There were a few limitations to acknowledge in this case series report. Firstly, the limited number of CSF rhinorrhea cases resulted in a wide age range among the reported patients, leading to significant heterogeneity. Secondly, there was a lack of comparison with conventional surgical treatments for CSF otorrhea. Thirdly, the follow-up period for some cases was relatively short, and the focus was primarily on the recurrence of CSF otorrhea, overlooking the investigation of postoperative neurological function and quality of life.
Conclusion
Taken together, the 3 surgical treatment methods for CSF otorrhea, namely local repair of the defect, local repair of the defect combined with sealing of the tympanic sinus entrance, and local repair of the defect combined with sealing of the eustachian tube and the external auditory canal, demonstrated the ability to successfully treat CSF otorrhea in appropriately selected patients. These methods offered less invasive surgical options for the management of CSF otorrhea.
Footnotes
Data Availability Statements
The datasets generated and analyzed during the current study are available from the corresponding author on reasonable request.

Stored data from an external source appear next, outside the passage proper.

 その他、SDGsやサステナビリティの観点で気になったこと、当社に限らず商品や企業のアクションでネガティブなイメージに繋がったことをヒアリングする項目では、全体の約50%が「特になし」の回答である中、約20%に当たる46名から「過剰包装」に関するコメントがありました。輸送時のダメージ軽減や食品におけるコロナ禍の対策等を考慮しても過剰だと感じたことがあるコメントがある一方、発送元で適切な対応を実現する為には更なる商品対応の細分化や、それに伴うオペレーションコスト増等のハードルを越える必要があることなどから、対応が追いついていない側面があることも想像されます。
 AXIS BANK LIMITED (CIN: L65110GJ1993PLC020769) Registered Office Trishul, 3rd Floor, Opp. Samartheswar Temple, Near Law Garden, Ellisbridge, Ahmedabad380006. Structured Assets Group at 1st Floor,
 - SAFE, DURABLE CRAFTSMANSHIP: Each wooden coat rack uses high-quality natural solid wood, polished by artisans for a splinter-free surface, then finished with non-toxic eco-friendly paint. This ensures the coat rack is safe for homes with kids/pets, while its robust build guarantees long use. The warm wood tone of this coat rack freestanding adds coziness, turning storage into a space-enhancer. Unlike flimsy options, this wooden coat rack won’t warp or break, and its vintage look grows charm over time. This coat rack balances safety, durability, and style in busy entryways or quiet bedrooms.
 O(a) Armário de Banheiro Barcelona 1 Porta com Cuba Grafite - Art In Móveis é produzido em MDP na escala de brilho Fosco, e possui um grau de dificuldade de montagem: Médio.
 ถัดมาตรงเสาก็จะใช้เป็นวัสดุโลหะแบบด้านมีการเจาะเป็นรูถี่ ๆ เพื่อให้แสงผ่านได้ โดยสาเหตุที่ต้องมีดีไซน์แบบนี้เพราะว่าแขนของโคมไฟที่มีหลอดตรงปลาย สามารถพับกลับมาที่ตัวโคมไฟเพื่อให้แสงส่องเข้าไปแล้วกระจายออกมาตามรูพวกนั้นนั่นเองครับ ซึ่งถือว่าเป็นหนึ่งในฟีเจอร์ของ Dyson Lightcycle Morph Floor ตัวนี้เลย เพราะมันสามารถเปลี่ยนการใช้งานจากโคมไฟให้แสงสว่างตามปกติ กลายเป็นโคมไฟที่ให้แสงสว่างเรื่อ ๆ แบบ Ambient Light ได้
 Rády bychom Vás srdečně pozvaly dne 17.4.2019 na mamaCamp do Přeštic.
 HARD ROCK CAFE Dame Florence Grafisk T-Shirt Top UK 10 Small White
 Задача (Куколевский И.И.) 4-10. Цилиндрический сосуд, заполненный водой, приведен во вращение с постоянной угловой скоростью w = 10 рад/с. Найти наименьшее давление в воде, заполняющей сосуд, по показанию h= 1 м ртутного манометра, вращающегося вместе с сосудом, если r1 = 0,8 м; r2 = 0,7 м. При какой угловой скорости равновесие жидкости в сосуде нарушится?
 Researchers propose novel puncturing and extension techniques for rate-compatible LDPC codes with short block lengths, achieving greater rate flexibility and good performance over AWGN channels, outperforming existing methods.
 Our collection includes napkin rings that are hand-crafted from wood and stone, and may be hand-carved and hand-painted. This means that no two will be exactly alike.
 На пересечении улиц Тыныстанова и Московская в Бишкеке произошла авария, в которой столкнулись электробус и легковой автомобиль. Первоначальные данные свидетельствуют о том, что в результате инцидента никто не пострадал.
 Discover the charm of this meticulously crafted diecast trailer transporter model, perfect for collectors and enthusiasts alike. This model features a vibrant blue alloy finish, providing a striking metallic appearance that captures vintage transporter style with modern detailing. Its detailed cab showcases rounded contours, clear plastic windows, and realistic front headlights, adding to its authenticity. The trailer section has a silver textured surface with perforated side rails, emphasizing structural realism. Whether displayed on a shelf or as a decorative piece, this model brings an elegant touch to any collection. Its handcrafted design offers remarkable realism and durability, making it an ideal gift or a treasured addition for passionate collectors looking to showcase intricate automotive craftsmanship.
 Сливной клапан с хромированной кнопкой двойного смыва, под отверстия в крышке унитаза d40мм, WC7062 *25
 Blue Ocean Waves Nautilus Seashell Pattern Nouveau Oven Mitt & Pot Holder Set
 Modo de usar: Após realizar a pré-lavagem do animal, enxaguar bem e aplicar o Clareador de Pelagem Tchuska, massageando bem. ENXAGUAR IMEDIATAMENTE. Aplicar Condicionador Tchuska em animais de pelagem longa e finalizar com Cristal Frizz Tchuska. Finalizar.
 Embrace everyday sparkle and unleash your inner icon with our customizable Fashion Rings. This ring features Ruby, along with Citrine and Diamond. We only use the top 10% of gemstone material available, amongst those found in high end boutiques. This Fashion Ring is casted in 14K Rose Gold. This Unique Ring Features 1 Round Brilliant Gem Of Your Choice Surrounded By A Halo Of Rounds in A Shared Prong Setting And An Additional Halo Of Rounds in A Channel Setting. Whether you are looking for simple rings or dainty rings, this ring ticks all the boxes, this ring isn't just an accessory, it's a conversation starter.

Declaration of Conflicting Interests
The author(s) declared no potential conflicts of interest with respect to the research, authorship, and/or publication of this article.
Funding
The author(s) disclosed receipt of the following financial support for the research, authorship, and/or publication of this article: This study was supported by National Natural Science Foundation of China (No. 82101237) and Jiangxi Provincial Health Commission Fund (No. 20203227).
Ethical/Consent Statement
The study protocol was approved by the Ethics Committee of First Affiliated Hospital of Nanchang University. Informed consent was obtained from all the study subjects before enrollment.